Let $(X,\tau)$ be a topological vector space over $\Bbb{R}$ and $X^*$ be the topological dual of $X$. There are two ways to define the weak topology $\tau_w$ on $X$:
- $\tau_w$ is the initial topology on $X$ with respect to $X^*$;
- For each $f\in X^*$, $p_f(x):=|f(x)|$ gives a seminorm on $X$. $\tau_w$ is the topology on $X$ generated by the family of seminorms $\{p_f\mid {f\in X^*}\}$.
I'm trying to understand that why these two definitions are equivalent. Denote the first one defined as an initial topology as $\tau_1$ and the second one as $\tau_2$.

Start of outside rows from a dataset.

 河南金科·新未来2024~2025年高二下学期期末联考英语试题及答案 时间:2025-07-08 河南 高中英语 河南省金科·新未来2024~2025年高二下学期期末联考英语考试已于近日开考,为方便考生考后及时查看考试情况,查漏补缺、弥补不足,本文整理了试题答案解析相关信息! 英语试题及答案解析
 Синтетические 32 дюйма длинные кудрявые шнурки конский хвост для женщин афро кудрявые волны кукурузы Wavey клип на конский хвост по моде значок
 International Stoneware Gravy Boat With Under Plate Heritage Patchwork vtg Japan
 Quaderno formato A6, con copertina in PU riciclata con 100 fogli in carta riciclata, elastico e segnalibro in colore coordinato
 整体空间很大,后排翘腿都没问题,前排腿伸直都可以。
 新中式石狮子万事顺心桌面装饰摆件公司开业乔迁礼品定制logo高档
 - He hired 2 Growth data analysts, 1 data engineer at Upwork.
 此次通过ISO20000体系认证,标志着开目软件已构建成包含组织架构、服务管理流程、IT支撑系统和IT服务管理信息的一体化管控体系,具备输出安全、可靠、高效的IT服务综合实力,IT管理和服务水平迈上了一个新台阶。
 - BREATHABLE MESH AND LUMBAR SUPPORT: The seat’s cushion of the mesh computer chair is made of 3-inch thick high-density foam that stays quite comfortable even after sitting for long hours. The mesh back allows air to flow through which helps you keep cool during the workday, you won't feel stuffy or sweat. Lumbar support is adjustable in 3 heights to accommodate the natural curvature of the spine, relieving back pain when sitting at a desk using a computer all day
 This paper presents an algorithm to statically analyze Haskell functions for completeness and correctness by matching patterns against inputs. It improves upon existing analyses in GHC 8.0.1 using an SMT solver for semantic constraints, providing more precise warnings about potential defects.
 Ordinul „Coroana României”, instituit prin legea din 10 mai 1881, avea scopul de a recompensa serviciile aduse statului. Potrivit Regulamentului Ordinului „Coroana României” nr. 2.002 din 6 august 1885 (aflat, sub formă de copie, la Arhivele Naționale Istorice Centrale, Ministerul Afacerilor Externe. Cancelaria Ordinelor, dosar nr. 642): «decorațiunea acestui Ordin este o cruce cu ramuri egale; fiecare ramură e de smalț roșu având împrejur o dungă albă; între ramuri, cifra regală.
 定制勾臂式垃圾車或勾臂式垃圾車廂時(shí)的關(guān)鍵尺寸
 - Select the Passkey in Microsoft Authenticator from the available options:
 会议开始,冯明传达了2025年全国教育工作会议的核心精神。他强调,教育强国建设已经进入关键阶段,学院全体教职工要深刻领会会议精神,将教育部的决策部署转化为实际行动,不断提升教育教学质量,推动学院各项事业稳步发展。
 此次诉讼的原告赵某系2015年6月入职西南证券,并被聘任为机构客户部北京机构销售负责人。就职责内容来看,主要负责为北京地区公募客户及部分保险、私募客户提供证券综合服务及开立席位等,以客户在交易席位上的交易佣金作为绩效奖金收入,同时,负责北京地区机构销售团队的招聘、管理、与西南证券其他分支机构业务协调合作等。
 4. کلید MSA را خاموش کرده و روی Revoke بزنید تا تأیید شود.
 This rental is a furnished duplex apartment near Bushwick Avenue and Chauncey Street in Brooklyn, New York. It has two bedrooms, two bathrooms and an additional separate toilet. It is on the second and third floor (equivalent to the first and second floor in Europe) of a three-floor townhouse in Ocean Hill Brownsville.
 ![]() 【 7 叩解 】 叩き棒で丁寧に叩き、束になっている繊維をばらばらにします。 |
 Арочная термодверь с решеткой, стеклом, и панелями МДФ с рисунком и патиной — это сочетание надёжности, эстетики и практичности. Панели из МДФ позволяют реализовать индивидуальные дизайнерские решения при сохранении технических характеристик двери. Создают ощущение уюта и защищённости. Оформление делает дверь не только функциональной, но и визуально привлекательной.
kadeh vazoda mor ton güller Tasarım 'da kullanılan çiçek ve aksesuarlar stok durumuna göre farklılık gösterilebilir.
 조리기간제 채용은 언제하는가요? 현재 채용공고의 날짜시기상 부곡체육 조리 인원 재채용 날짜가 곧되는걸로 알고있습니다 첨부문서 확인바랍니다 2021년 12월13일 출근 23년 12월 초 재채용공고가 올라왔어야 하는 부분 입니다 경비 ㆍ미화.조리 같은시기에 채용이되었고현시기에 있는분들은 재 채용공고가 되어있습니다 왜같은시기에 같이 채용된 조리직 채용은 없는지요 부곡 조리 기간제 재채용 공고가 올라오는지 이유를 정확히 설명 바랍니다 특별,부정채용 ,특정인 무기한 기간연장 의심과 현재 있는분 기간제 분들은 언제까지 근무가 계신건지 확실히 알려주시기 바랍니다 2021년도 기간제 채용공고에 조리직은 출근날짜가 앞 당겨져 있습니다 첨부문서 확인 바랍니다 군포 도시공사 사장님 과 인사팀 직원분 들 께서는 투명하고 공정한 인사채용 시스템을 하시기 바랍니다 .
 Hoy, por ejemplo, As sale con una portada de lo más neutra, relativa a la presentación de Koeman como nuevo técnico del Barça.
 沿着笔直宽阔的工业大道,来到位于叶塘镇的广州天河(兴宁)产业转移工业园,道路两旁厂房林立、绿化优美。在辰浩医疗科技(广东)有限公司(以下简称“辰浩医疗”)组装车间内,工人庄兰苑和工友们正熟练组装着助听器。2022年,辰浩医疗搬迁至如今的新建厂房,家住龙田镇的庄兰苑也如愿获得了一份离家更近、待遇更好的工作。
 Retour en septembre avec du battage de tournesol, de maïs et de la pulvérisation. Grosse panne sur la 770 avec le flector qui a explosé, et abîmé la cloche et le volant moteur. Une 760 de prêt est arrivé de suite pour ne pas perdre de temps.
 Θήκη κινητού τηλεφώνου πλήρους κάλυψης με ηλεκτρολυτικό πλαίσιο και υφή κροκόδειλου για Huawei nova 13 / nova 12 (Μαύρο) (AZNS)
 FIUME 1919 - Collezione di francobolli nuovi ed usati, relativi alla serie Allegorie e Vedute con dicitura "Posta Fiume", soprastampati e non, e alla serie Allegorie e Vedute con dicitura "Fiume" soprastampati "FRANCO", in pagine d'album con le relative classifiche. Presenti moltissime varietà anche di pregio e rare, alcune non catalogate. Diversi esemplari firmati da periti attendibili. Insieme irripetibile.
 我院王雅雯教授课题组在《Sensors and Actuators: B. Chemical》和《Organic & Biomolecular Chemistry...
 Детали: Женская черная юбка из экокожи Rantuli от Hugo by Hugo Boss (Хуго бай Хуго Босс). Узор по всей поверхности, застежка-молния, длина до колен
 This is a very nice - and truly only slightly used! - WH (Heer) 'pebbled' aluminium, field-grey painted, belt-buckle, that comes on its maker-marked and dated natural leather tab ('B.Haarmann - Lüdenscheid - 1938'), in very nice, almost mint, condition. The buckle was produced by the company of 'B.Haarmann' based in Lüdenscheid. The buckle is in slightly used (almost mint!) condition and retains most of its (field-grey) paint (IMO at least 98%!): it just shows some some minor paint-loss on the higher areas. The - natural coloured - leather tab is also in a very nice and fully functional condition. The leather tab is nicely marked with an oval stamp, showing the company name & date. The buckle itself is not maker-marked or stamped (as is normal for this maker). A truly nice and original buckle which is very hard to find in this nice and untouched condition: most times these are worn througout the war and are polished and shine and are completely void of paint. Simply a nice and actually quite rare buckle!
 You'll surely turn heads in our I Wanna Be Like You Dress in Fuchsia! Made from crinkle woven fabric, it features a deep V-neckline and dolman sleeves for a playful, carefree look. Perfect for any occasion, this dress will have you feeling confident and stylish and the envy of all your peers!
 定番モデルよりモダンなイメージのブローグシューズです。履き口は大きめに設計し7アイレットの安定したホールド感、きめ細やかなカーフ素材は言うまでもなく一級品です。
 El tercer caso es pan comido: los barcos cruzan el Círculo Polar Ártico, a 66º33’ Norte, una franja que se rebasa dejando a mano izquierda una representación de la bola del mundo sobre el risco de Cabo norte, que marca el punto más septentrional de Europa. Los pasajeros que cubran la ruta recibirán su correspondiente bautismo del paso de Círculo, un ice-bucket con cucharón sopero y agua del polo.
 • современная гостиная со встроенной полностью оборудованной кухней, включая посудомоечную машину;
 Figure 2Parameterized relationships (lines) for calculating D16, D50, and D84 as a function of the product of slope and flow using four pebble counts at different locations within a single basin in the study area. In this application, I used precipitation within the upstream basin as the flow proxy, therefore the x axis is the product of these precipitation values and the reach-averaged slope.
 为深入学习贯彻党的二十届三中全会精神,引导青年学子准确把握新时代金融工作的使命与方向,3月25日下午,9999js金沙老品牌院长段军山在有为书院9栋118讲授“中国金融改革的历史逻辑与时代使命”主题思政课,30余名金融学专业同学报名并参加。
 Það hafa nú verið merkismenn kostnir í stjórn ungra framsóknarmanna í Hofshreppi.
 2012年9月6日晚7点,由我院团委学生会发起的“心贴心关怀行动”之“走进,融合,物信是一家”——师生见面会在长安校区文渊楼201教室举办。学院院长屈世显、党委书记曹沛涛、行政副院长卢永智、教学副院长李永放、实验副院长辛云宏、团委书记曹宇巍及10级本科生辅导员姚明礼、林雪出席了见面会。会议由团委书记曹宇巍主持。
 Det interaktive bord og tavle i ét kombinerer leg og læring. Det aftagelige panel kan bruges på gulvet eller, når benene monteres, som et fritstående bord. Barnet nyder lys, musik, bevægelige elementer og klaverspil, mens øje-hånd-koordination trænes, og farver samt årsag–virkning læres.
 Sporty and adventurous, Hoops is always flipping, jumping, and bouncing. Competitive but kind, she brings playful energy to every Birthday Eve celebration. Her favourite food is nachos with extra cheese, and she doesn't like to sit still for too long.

Let $$ E=\{f^{-1}(U)\mid f\in X^*,\ U\ \hbox{open in}\ \Bbb{R}\} $$ and $$ F=\{B_r^{f}(x)\mid f\in X^*, \ r>0,\ x\in X\}. $$ where $$ B_r^{f}(x)=\{y\in X \mid |f(y-x)|<r\}. $$ Then $\tau_1$ is generated by $E$ and $\tau_2$ is generated by $F$. It is not very hard to show that $F\subset E$ and thus $\tau_2\subset \tau_1$: $ y\in B_r^f(x) $ iff $ |f(y)-f(x)|<r $ iff $ y\in f^{-1}(B_\Bbb{R}(f(x),r)) $
I don't see why $E\subset F$ (not necessarily true?) or at least $E\subset \tau_2$. Could anyone help me to go on?
Thanks to @Daniel's comment:
Consider $W=f^{-1}(U)\in E$ and $x\in W$. Then $f(x)\in U$. Since $U$ is open in $\Bbb{R}$, there exists $r_x>0$ such that $B_\Bbb{R}(f(x),r_x)\subset U$ and thus $$ B_{r_x}^f(x)=f^{-1}(B_\Bbb{R}(f(x),r_x))\subset f^{-1}(U). $$ Since $$ W=\bigcup_{x\in W} B_{r_x}^f(x), $$ we have $W\in T_2$.